More in China drink in health juice trend
HEALTH drinks, already a multibillion-dollar industry in the United States, are starting to make inroads into China as demand for wellness products rises.
A growing number of consumers in China, especially those in large cities, are indulging in cold-pressed juices and smoothies, although they may not come cheap.
The latest health fad revolving around consuming drinks that are said to cleanse and detoxify the body is extremely popular in the US and Europe.
"Often, people feel they are losing control of their diet and health, and they are under a large amount of stress," said Jacqueline Zhan Fraise, a Shanghai nutrition consultant.
"Juice fasting seems to be an easy and approachable way of getting back on track."
American Melissa McKenna was one of the first entrepreneurs to introduce the cleansing juice movement in China.
Her company Juice by Melissa has been delivering raw and unpasteurised cold-pressed juices to Beijing residents since its launch in December 2013.
The premium juices are produced in the capital city with organic fruit and vegetables from Yunnan, imported nuts from Australia and chia seeds from South America.
Formulated by Ms McKenna herself, who has a background in nutrition, the juices are sold individually or offered in daily sets of six bottles with each containing the necessary nutrients to replace a solid diet.
A daily juice cleansing costs 360 yuan (S$74), while individual cold-pressed juices to complement a diet start at 25 yuan.
Experts say that a juice cleansing can last for just 24 hours, but those who want a deep cleansing can aim for a one or two-week programme.
Juice and smoothie detox companies vouch that the cold-pressed concoctions allow the body to eliminate accumulated toxins.
Juice by Melissa said sales have risen by 40 per cent since opening a second store in Shunyi, on the outskirts of Beijing, in April this year.
The company plans to open five to 10 new stores in the next two years in Beijing to match the increasing demand for its products.

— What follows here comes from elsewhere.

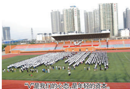
“V”是我们的姿态,是年轻的资本。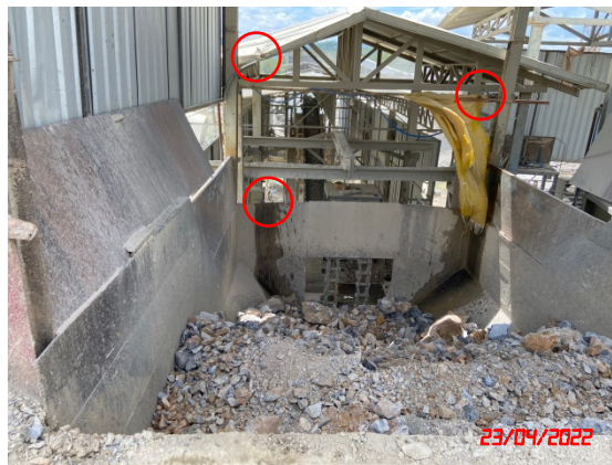
ระบบสเปรย์น้ำบริเวณยังรับหินใหญ่

"I think the health and fitness culture is going to boom in the next three years in China," said Ms McKenna.
The market size of China's health beverage market hit 840 billion yuan last year with an average annual growth rate of 16.6 per cent from 2010, according to market consultancy Frost & Sullivan.
"Last year, beverages that offer wellness or functional benefits grew faster than the industry average," said Ryan Zhou, senior director of Nielsen China.
Although it is still a niche sector, the growth of these business ventures reflects the increasing acceptance of health products among consumers.
"But there are barriers to conquer, such as the premium price, cold-chain distribution system and consumers' unfamiliarity," said Ching Yang from market analyst firm Mintel.
US-born Elizabeth Schieffelin set up the foundation of her health drinks business in 2014 by blending superfood smoothies that she sold at farmer markets, schools and fitness studios in Shanghai.
She opened her first Lizzy's All Natural shop in May last year in Anken Life, a wellness complex in Shanghai.
While Ms Schieffelin would not share revenue figures, she said that her self-funded company is growing organically.
"I do plan to continue to grow and expand so that there are more foods available in more locations around Shanghai," said Ms Schieffelin.